Pues bien, andaba yo de matutino paseo hacia el trabajo en estas cogitaciones y desvaríos cuando súbitamente me invadió una nueva y misteriosa intuición, la cual -debo confesarlo- no hace sino crecer según pasan las horas: ¿por qué no aceptar la posibilidad del "adiós"? No pensaba en Catalunya en ese momento, no sólo en ella, pensaba en lo que ha sido mi vida. 

Hagamos memoria. Mi biografía está repleta de rupturas. Decía Cioran que de responder a sus primeros instintos se pasaría el día escribiendo cartas de injurias y despedidas. En mí no son instintos, ha sido la vida, qué sé yo... las circunstancias, mi impaciencia, la plomiza contumacia de mis prójimos.

A lo largo de mi vida he amado a pocas mujeres, lo hice siempre sin grandes añagazas y con pocas traiciones dignas de grandes coros trágicos... las amé a veces con manifiesta imprudencia. Alguna que otra, como es fácil suponer, me dejó tirado en la estacada. No se lo reprocho, merecían a alguien mejor o a alguien peor que yo, estaban desajustadas conmigo y tuvieron la perspicacia para verlo antes que yo. Se fueron, lloré mucho, sobreviví... salí de aquello sin romperme del todo, creo que incluso siendo mejor de lo que fui.  

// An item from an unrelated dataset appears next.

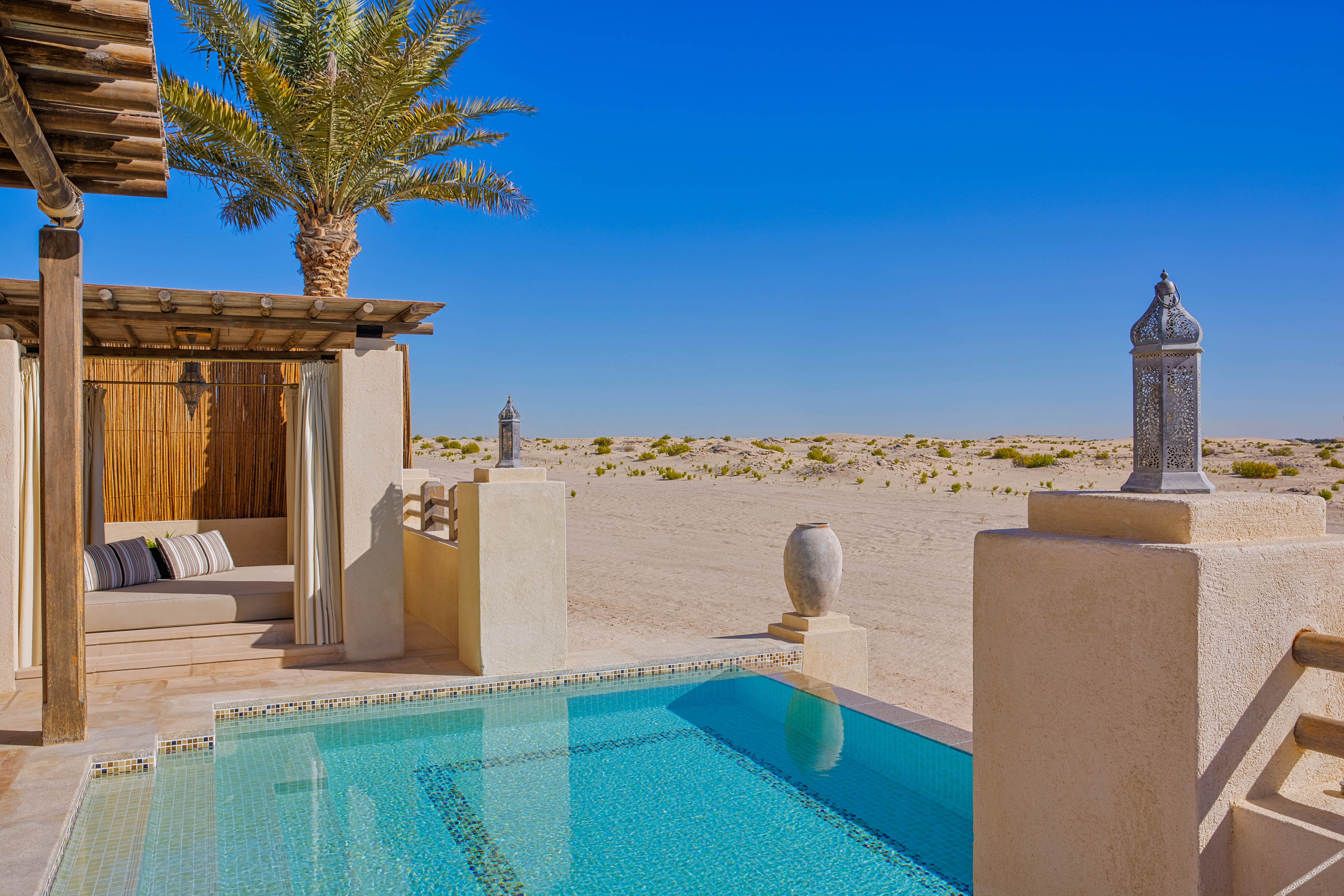 The 45 sqm room offers desert landscape views and is decorated in neutral tones and Arabesque inspired accessories.

Ha pasado lo mismo con ciertos vínculos afectivos o del tipo que sea que llegaron a adquirir mucha intensidad. Algunos se cortocircuitaron en algún momento y se apagaron para siempre. A veces, la cómoda posibilidad de satisfacer los deseos de aquellas personas o de hacerles creer que yo era quien ellos creían y seguramente deseaban me hizo quedar entre la espada y la pared... y opté por la ruptura. Dejé de verles y disipé las dudas respecto a si podría vivir lejos de aquellas personas. Son situaciones duras, dejan jirones en el alma, pero la experiencia me demuestra que el martirio de soportar a tiranos toda la vida es mucho más atroz que el miedo a sentirnos solos y desamparados cuando nuestro barco se aleja hacia alta mar de aquella isla de aires pútridos en la que permanecimos tanto tiempo. 

Llevo semanas intentando convencer a los secesionistas de que no me abandonen. En las últimas horas me asiste el desánimo, no es porque crea que van a ganar "la batalla", sino porque si hay algo que pisotea mi dignidad es que haya de acompañarme alguien que no desea hacerlo. Tengo vocación de muchas cosas malas, pero no de pelmazo. Estoy pensando en las tremendas cesiones que el Gobierno de España tendrá que hacer a Catalunya para aplacar por un tiempo la tentación soberanista, como por cierto ya se hizo con el País Vasco. Pienso en lo mal que le va a mi tierra, el País Valenciano, ferozmente discriminado con la financiación de las autonomías y... no sé, pienso que esto de optar por el Estado roto o el Estado de los privilegios es como lo del fuego y las brasas. 

Sí, señores de la Catalunya independentista, yo también pienso en lo mío, a ver si se han creído que los demás somos tontos.